Critters, I say live and let live. You'll be using the wood when the critters are long gone anyway.


----------



## ksks (Oct 17, 2016)

http://www.domyownpestcontrol.com/termidor-sc-p-184.html?gclid=CNqg5c6W4s8CFYUyaQoddzAKRg

They talk about trenching with Termidor around the house.  Maybe trenching around the woodpile too.

ksks


----------



## cygnus (Oct 17, 2016)

I would not personally use any chemicals on the woodpile.  I can't see how you'd every keep the critters all away (those that crawl around and in the wood) and they pretty much die off with the cold snap anyway.  More importantly, bringing these chemicals into your home is a terrible idea.  Round-Up does nasty things to the body at parts per billion.  Very nasty stuff and not something you want to introduce into your interior environment...or exterior for that matter.  Just my 2 cents.


----------



## Hasufel (Oct 17, 2016)

If you wanted to treat something you were going to burn, I'd stick with plant-based insecticides. You can get some that are based on either natural plant oils or pyrethrins (which come from chrysanthemum plants). Herbicides like Roundup/glyphosate are designed to break down in soil but probably will persist longer on a stack of dry firewood.


----------



## Jeffm1 (Oct 17, 2016)

ksks said:


> Thanks for the forum.  Looking to get some good advice.  I'm a novice, so probably can't offer too much in the area.
> 
> Does anyone know if I could put termite poison and bug/spiker treatment on my wood pile.
> 
> ...


Sprinkle food grade diatomaceous earth (yes, some say this stuff is edible but I wont be eating anytime soon) on your wood pile instead. Kills insects, won't harm humans.


----------



## ksks (Oct 17, 2016)

Jeffm1, I just found out about that tonight.  Sounds interesting.  Only problem is it can't get wet, as I understand.  Sounds like a good option for my garage and barn.


----------



## Poindexter (Oct 18, 2016)

Jeffm1 said:


> Sprinkle food grade diatomaceous earth (yes, some say this stuff is edible but I wont be eating anytime soon) on your wood pile instead. Kills insects, won't harm humans.

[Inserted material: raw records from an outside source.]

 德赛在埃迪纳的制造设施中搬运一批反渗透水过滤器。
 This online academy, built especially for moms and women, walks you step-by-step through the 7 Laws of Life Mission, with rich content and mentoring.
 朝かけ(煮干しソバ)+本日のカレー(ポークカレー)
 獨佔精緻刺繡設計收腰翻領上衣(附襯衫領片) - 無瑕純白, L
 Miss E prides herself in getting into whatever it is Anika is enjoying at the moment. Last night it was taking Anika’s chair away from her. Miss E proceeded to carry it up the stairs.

I use food grade DE annually when the spruce beetles hatch out of my fresh splits in late spring.

Usually about a tablespoon per cord with the puffer gun that showed up suggested on amazon.  My stacks are top and side covered.

Had a particularly notable infestation this year, used maybe a quarter of a cup per cord.

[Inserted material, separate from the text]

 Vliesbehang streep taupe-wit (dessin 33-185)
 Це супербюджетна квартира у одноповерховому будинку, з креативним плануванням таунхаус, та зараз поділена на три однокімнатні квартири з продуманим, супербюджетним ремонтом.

I did have to vacuum fly ash off my combustor once already this season, first time ever.

Dunno if de contributes to fly ash, but even if it does thats a pretty benign side effect.

The dang spruce beeltes still havent infested the standing spruce in the front yard i want to take down.


----------



## highanddryinco (Oct 18, 2016)

ksks said:


> Only problem is it can't get wet


Google "Delta Dust" and use it in one of the puffers mentioned earlier.
I use it for all kinds of bugs and it can be used in wet areas.
It's mostly DE with one of the "methrin"  brothers added. Kid safe and pet safe.


----------



## Jeffm1 (Oct 18, 2016)

Or make your own DE puffer:


----------



## excessads (Oct 19, 2016)

cygnus said:


> I would not personally use any chemicals on the woodpile.  Round-Up does nasty things to the body at parts per billion.  Very nasty stuff and not something you want to introduce into your interior environment...or exterior for that matter.  Just my 2 cents.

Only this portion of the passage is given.